Hubungan Ying dan Halilintar pun ikut merenggang. Entah kenapa di mata Ying, Halilintar tak sesempurna yang pernah ia bayangkan. Ying jadi mudah kesal dan marah dengan hal-hal sepele. Selain itu tugas-tugas kuliah Ying tengah menumpuk membuatnya terkena stres berat. Pada Halilintar, gadis keturunan Tionghoa itu meminta waktu untuk sendiri.

Ia meminta agar Halilintar tidak menelponnya atau mencarinya. Ying mengakui bahwa saat dimana Halilintar pergi dari kehidupannya itu saat yang paling melegakan baginya. Ia merasa jenuh dan lelah untuk menjalin hubungan percintaan. Ying tahu betul apa yang ia butuhkan sekarang.

Ying butuh Yaya.

Tapi Ying terlalu takut dan malu untuk mengajaknya kembali berteman. Kini sosok Yaya kembali nomor satu yang dahulu tempat itu sempat digantikan oleh Halilintar. Berkali-kali Ying mencoba mengirim pesan singkat namun pesan-pesannya itu selalu berakhir menjadi sebuah draft saja. Ying dilema. Ia butuh Yaya sama besarnya dengan ia butuh Halilintar dalam hidupnya namun ia takut apabila harus mengulangi kesalahan yang sama.

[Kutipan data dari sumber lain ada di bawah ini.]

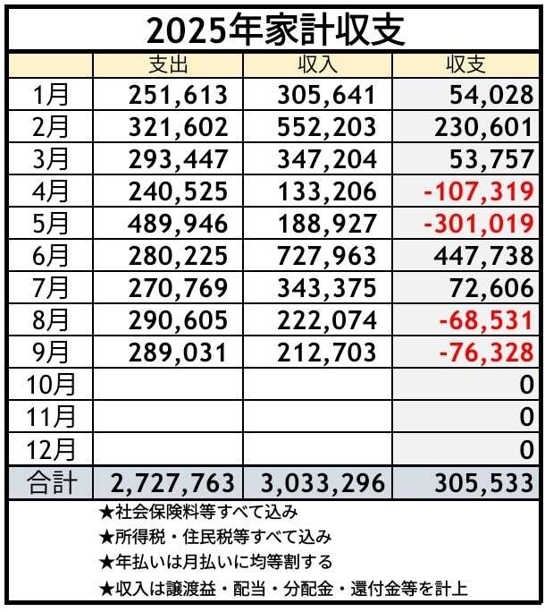 ⬇9月の家計収支は、約76千円の赤字になった😓⬇ ⬇年間収支では、9月までで約30万円の黒字を維持⬇ ⬇2024年から、労働収入と投資で家計を改善した⬇ ⬇家計改善の効果もあり、金融資産の減少が止まる⬇ こんにちは😊 祝日、いかがお過ごしでしょうか? 9月が終わり、しばらく経ったが、 9月までの家計収支を確認してみることにする。 9月は収入が約21万円に留まったことにより赤字、 ただ、年間収支では黒字を維持しているのでOKだ。 早期退職後の家計収支は、約645万円の大赤字、 これを黒字化するには、投資で儲けるしかないか😜 会社員を辞めてから、家計簿を付け始め、 何にいくらかけているのかを確認することにした。 月間の家計の収支が明らかになり、 年間の家計収支が大赤字であることを知り、 このままでは、老後生活資金が枯渇すると思い、 コロナ禍が落ち着いた頃から、パートを始めたのだ。 少ない資産で退職した者が、 だんだん家計が苦しくなるという流れで、 また働き始めるのは、心身に良い影響しかないね😊 今はそう思っている! ストレスの多かった会社員を辞めて、 衣食住とも人間らしい生活スタイルに改めて、 やってみたかった仕事を楽しくするだけで、 収入が少なくとも、プライドが湧いてくるんだよね😌 ちゃんと生きている! 心身のことを考える時間が増えれば、 自然と生体反応を感じで、良い影響が出始める😊 体は単純に出来ている! 心身のことを勉強すればするほど、 自分を思って行動すればするほど、 人生の方向性が、自分らしく定まってくるのだ😉 毎日が心地良くなる! もう数日で、妻が退院する🙌 この手術が大成功に終わるには、1年間程かかるが、 今回の手術によって、2人の関係性が強化され、 もっと一緒に生きていこう!と思えるようになった。 相手はどうかは知らんけど😜 本日もお読みいただきありがとうございます。 ✳✳投資は、自己責任でお願いします✳✳ ☆米国株の情報なら 米国株四半期速報2025年秋号 [ 亜州リサーチ株式会社 ] ☆中国株の情報なら 中国株二季報2025年夏秋号 [ DZHフィナンシャルリサーチ ] ☆スマホ対応ドアホンなら 【レビュー特典付★日本メーカー製スマートドアホン★スマホでドアホン】インターホン ワイヤレス カメラ付き 工事不要 連動 録画 防犯カメラ付き 屋外 通話 暗視 玄関 wifi対応 呼び出しチャイム バッテリー 充電式 配線不要 電源不要 賃貸 子機付き MI73(A) MI75 MJ75 ☆アセチルLカルニチンなら アセチル-Lカルニチン 500mg ベジカプセル 200粒 ナウフーズ ナウ ビタミン びたみん サプリ サプリメント アミノ酸 アセチルL-カルニチン【Now Foods Acetyl L-Carnitine 500mg, 200 Veg Capsules】 ☆有機桑茶なら 【総合1位★クーポンで2,640円】( 有機 桑茶 100包 ) 桑の葉茶 桑茶 有機JAS 送料無料 わくわく園 おいしい 桑 桑の葉オーガニック お茶 健康 対策 制限 ノンカフェイン 国産 ティーバッグ くわ 温活 桑葉 有機桑茶 ギフト
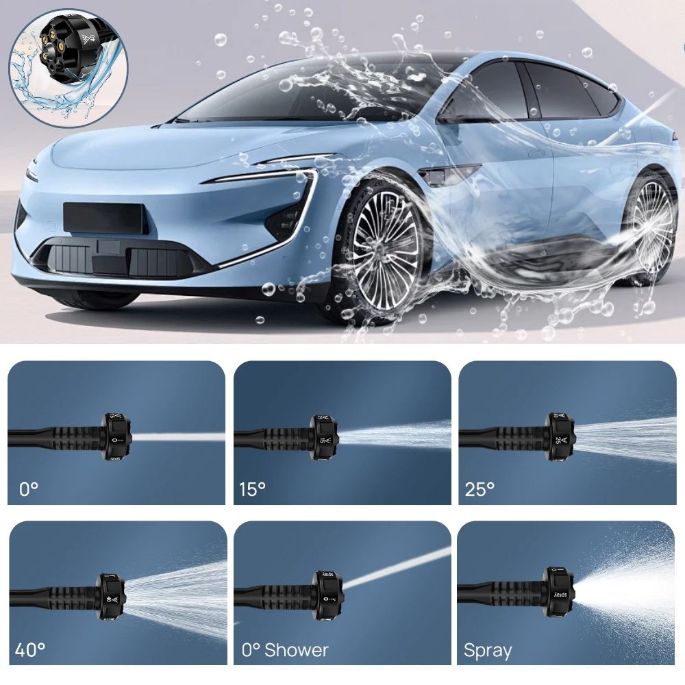 Die 6-in-1 verstellbare Düse bietet sechs verschiedene Modi (0°, 15°, 25°, 40°, Schaumstrahl, Duschmodus), sodass Sie die Reinigung individuell anpassen können. Ob Autowäsche, Gartenbewässerung oder hartnäckige Verschmutzungen - dieser Hochdruckreiniger ist vielseitig einsetzbar.

Tetapi Ying terlalu lama mengambil waktu untuk berpikir. Ia terlalu mengkhawatirkan dengan apa yang akan terjadi setelahnya. Ia juga terlalu lama mendiamkan masalahnya dengan Halilintar hingga akhirnya pemuda itu menyerah dan mulai berpikir bahwa Ying tidak mencintainya lagi.

.

.

Ketika itu sore hari. Ying berencana menghabiskan akhir pekannya dengan pergi ke taman dan membaca buku di sana. Setelah membeli beberapa roti kering ia mencari tempat duduk favoritnya. Tempat itu sejuk karena bangku kayu itu diatapi oleh sebuah pohon yang posisinya agak menjorok ke samping. Ketika orang duduk membelakangi arah pintu masuk maka ia akan disajikan oleh pemandangan danau buatan yang dipenuhi teratai. Yaya lah yang mengajaknya duduk di sana pertama kali.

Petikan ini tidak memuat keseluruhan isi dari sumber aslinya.